И вдруг впереди, в этой бездонной серой пропасти, вырастает огромный силуэт быка. Гигантскую тень сотрясает дрожь, должно быть, от горячего дыхания, вырывающегося из ноздрей. Бык стоит неподвижно. Длинная веревка, которой привязывал его пастух, тянется, петляя по земле, как змея. Животное лишь еле заметно, совсем тихонько шевелит головой. А вверху, как раз между рогов, светятся вокзальные часы.

У мальчика от страха и неожиданности перехватило дыхание, и он не в силах даже закричать. Он пятится задом, как рак. По счастью, огромное животное, испустив тяжелый вздох, мягко и бесшумно поворачивается и мелкой рысцой удаляется в туман.

В переулке, скрытом густой пеленой, слышны голоса. Переговариваются двое: один, скорее всего, из окна, другой — снаружи. Разглядеть, кто это, невозможно. Один из голосов, кажется, принадлежит Мудрецу.

— Ты что, уже хлебнул с утра?

— А как же, пол-литра тумана!

Посреди необъятной серой пустыни без единой приметы и ориентира возникает высокая тень. По очертаниям это, похоже, фигура Адвоката. Да, рядом вырисовывается велосипедный руль.

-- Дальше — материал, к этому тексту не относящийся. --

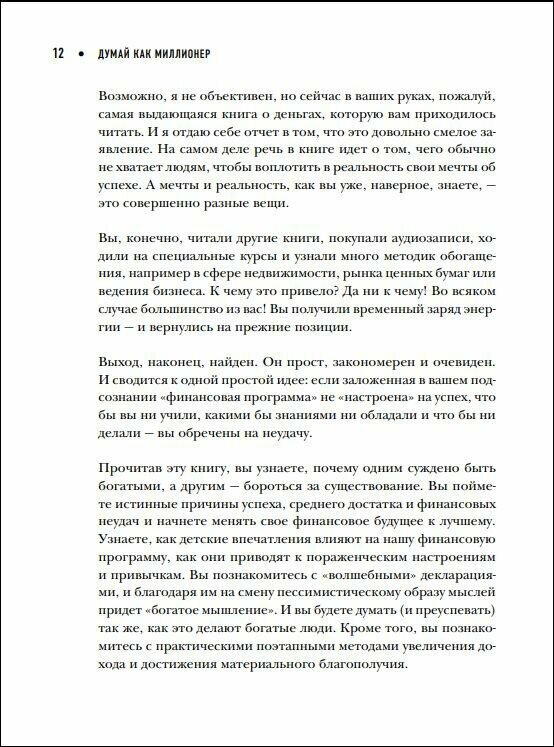 Книга написано просто и увлекательно. Но одно дело – понять, другое – перестроить мышление, которое с детства формировалось таким. Но сделать это нужно. Видел немало талантливых трудолюбивых людей, живущих от зарплаты до зарплаты. Почему? Да потому что все эти установки с детства, вяжут по рукам и ногам. Деньги просто проходят мимо, идут в карманы уверенных в себе людей, которые этих денег не боятся, более того, считают естественным, что они у них есть. Даже если половина книги будет усвоена, уже очень большой прогресс случится.

— Наш городок расположен в зоне низкого атмосферного давления, подверженной образованию иногда очень плотных скоплений тумана — таких, как сегодня. Не знаю, видите ли вы меня, но я нахожусь посреди Луговой площади…

Его прерывает залп вульгарных звуков. Они несутся со всех сторон. Сегодня у него не один, а много преследователей. Адвокат даже не поворачивает головы.

— Как вы сами только что убедились, туман сразу увеличивает число моих недругов, что свидетельствует лишь об их трусости.

Гремит новый залп.

— Извините, придется мне ответить им на том же языке.

И Адвокат, надув щеки, с оглушительным треском выпускает воздух. Повторив это несколько раз, все громче и громче, он исчезает в тумане, продолжая палить налево и направо.

У окна парикмахерской стоит Угощайтесь и смотрит на улицу. На ней голубой халатик. Горящим взглядом впилась она в афишу нового фильма, вывешенную на стене дома напротив. Сверху на нее смотрит тускло освещенное четырьмя маленькими лампочками огромное лицо Гэри Купера. Порой актер будто улыбается, порой — нет. Угощайтесь не отрывает от него глаз.

За столиком в Коммерческом кафе Дешевка беседует с маленьким толстым китайцем — из тех, что раза два в год откуда ни возьмись появляются в Городке, обвешанные галстуками, которые они продают по «лиле» за штуку.

— А у вас в Китае есть туман?

— Есть. У нас все есть — туман, снег, дождь…

— А у вас туман желтый или серый, как здесь?

— Селый. Точно такой…

И указывает за окно. Официанты и немногочисленные посетители, сидящие за столиками, с улыбкой прислушиваются к неизменно серьезной и любезной речи китайца.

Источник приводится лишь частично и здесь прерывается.